On 30 May, Drake reached the port of Cascais and anchored his fleet between its citadel and that of São Julião in a crescent formation as close to the coast as possible. He also ordered raiding vessels to scour the waters of the nearby coastline and the Berlengas islands for enemy ships. Meanwhile, the English army, continually harassed by the Spaniards during their arduous journey, reached Loures, barely 10 km from the walls of Lisbon. Though their perilous journey was behind them, the Spanish would not allow them to enjoy much rest for their camp continued to be attacked and any supplies cut off; Norris' army was getting hungrier by the minute. Little did the English know that just outside the city walls were vast stocks of supplies. Fearing the enemy would attack the next day and discover the storehouses along the way, the Archduke ordered Captain Don Juan de Torres to keep them occupied on 31 May whilst the provisions were brought into the city, and if de Torres could inflict losses on the English, all the better. Though the Spanish tried to coax the English into coming out of their trenches, the latter would not move. Meanwhile, so as to deny the English any provisions, what remained in the storehouses after bringing what they could into Lisbon was set ablaze. Because the English were not willing to come out and answer Spanish calls for battle, Captains Juan de Torres, Sancho Bravo, Gaspar de Alarcón and Francisco Malo selected 200 elite harquebusiers supported by some cavalry and carried out a camisado. Lieutenant Colonel John Sampson's camp was selected as the target of this mission. The Spanish approached the camp at dawn on Thursday, 1 June, Corpus Christi day, shouting "Viva el Rei Dom António!" (Long live the King Dom António!). The moment they were admitted into the camp, the guards were killed, then several soldiers sleeping in their tents were killed before the alarm was shouted. The English hurriedly formed a makeshift defensive line while their compatriots were being massacred. Harquebus fire erupted on both sides and Don Juan de Torres was wounded in the arm; he died from it three-weeks later. The Spanish made a hasty retreat.

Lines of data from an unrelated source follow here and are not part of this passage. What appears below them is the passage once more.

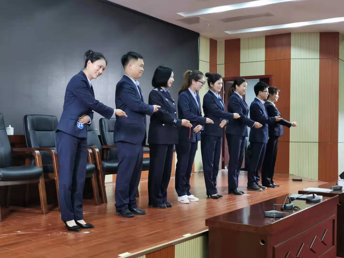 政务服务礼仪由安化县黑茶学校老师指导,短短的两个小时培训后立即进行现场比赛。我局推荐参加比赛的张跳同志在第一轮10人组情景短剧表演中脱颖而出,成为我局所在大厅的礼仪模范标兵,并进入第二轮决赛。通过展示站姿、走姿、坐姿、蹲姿以及握手等礼仪,她以扎实的礼仪基本功展现了政务人的自信、从容和优雅,受到评委的一致好评,最终在决赛获得第一名。
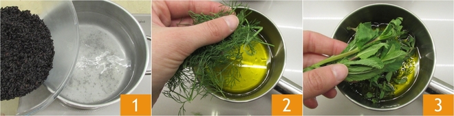 Pour réaliser la salade de riz avec herbes aromatiques et œuf mollet, commencez par porter à ébullition une casserole d'eau salée, puis versez le riz noir complet 1 et faites cuire pendant le temps indiqué sur l'emballage. Pendant ce temps, préparez l'huile aux herbes : versez l'huile dans une petite casserole et ajoutez le fenouil 2, le persil et la marjolaine 3.
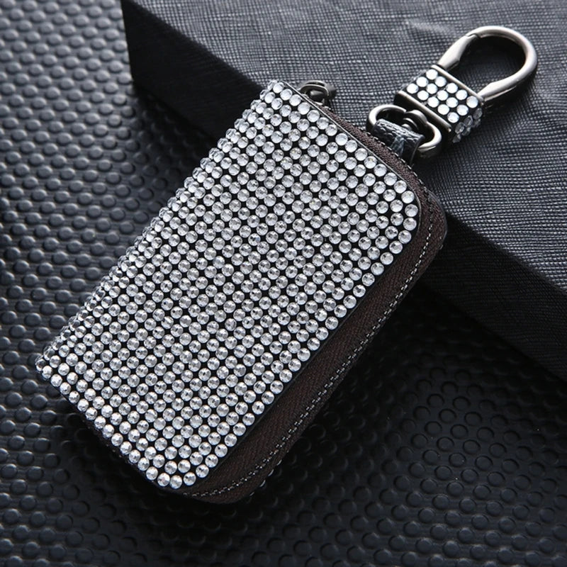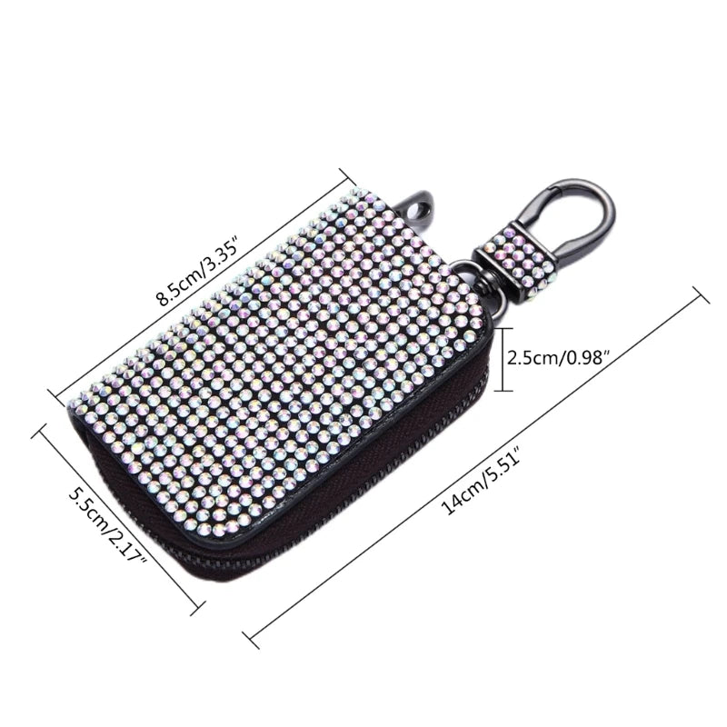 Bling Crystal Car Key Case Wallet Rhinestone Keychain Zipper Bag
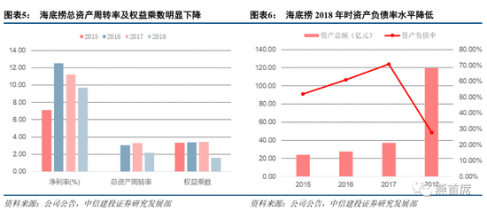 具体来看,影响海底捞ROE(摊薄)降低的主要是总资产周转率及权益乘数。从降幅来看,2018年时,海底捞的总资产周转率及权益乘数同比分别下降34.05%、52.93%,是ROE(摊薄)指标下降的主因。其中,总资产周转率下降主要是由于上市后资产总额大幅提升,而权益乘数下降则是由于公司整体负债水平降低。综合来看,公司的ROE(摊薄)的情况在向好发展。
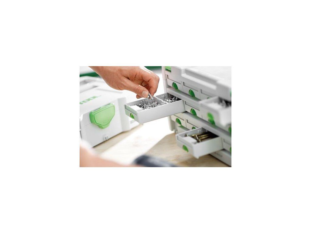 | Jedinečné vlastnosti výrobku text: | Všetky malé diely prehľadne uložené, označené etiketou a vždy poruke bez zbytočného hľadania.|Flexibilita vďaka individuálnemu vybaveniu priečkami, obojstranne vysúvateľným zásuvkám a vkladacím boxom, ktoré je možné rozdeliť.|Kompatibilné a spájateľné so všetkými generáciami Systainerov, mobilnými vysávačmi a mnohým ďalším systémovým príslušenstvom. |

While the English continued to rest and starve – the men found the weather too hot and exhausting, many were weak from hunger, sick and injured, and needed to be carried on baggage mules and stretchers made from pikes – the Archduke called a war council. The Portuguese commanders pointed out that since they were expecting relief troops to arrive any day, the city walls were tall and strong, and they could be easily resupplied from the Tagus while the English were suffering from hunger and sickness, they decided to bring the army within the city walls and make their stand there. Before the end of day on 1 June the English were in Alvalade, less than an hour away, forming up pike squadrons.

Caravels and carracks in the Tagus River, with the castle of São Jorge in the centre distance, unknown artist (1572)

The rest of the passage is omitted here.